The truth is, we’ve been blessed with no major bug issues. Except for our
resident spiders and centipedes, which remain hidden most of the time, along
with the persistent stinkbugs and flies that manage to get inside somehow, we
live relatively bug free. In fact, I have been most of my life. When I was growing up, the only bed bugs I heard about were in the old nursery rhyme, “Good night, sleep tight,
and don’t let the bed bugs bite.
But that wasn’t so for our ancestors. They dealt with
bugs on a regular basis, including cimex
lectularius, or the common bed bug.

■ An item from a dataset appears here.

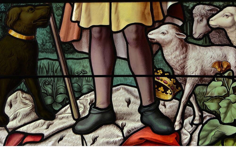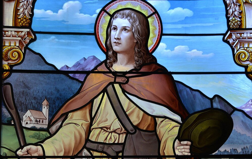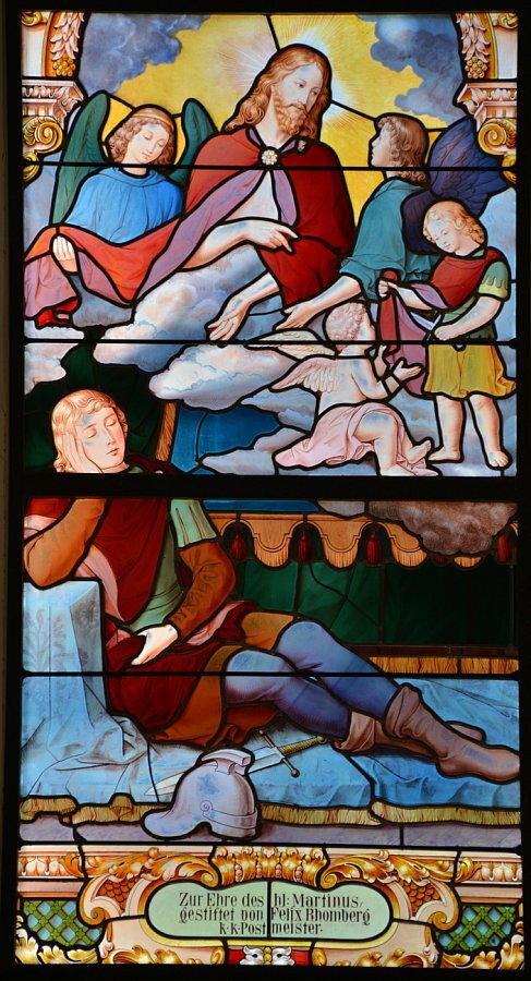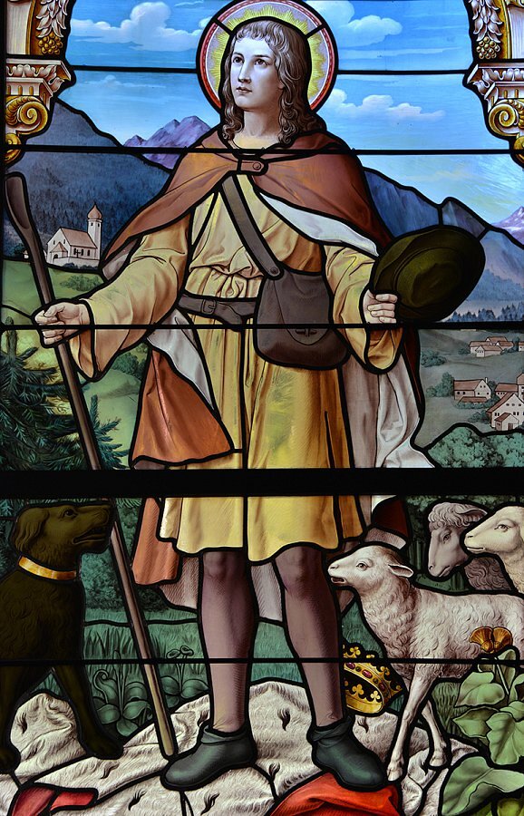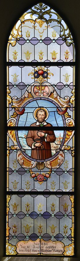 Glasgemälde im Chor, links hl. Wendelin, rechts hll. Martin und Isidor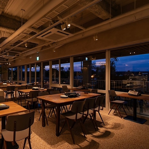 《店内から望む海岸線☆》店名通り、海のすぐそばにある「 青いナポリUMISOBA」。年中無休で11:00~22:00営業。駅から5分でお仕事終わりの食事や休日のご褒美にぴったり◎美しい海と美味しいイタリアンに舌鼓♪テラス席でのお食事は爽やかな風を感じられて格別です。お腹いっぱいで気持ちもリフレッシュ出来るのが魅力!

Here are two excerpts from The Housekeeper’s Encyclopedia by Mrs.
E.F. Haskell (1861) which give instruction about how to prevent an outbreak.
March, -- The nits or eggs of all vermin which have lain
dormant through the cold months, will now begin to hatch, and unless
preventives are promptly applied, the increase of bedbugs and cockroaches will
be without number. Search for the bugs, kill all that can be found, and oil all
bedsteads with corrosive sublimate*, mixed with turpentine; lift boards and
barrels in the cellar; scald all the bugs under them with boiling water; spread
bread and butter with arsenic, to lay in their haunts; wet crevices with the
preparation of mercury, mentioned above, and prepare the same in whiskey for
the edges of shelves where food is stored; but be careful that none is dropped
on the shelves to come in contact with food, as it is a deadly poison.
Bed-bugs, -- Young housekeepers should have every bedstead
oiled before setting up, with the following receipt, and continue to use it
once every year, in the month of March. If there are bugs in the house and
besteads, oil the cracks of the rooms where they are, and the besteads, every
month, until they disappear, and afterwards yearly. To one pint of spirits of
turpentine, add on ounce of corrosive sublimate, put it in a bottle and shake
well. Apply with a feather. Label the bottle, “Bed-bug Poison.”
*Corrosive sublimate is a white poisonous soluble crystalline
sublimate of mercury, used as a pesticide or antiseptic or wood preservative.
It's also called bichloride of mercury or mercuric chloride.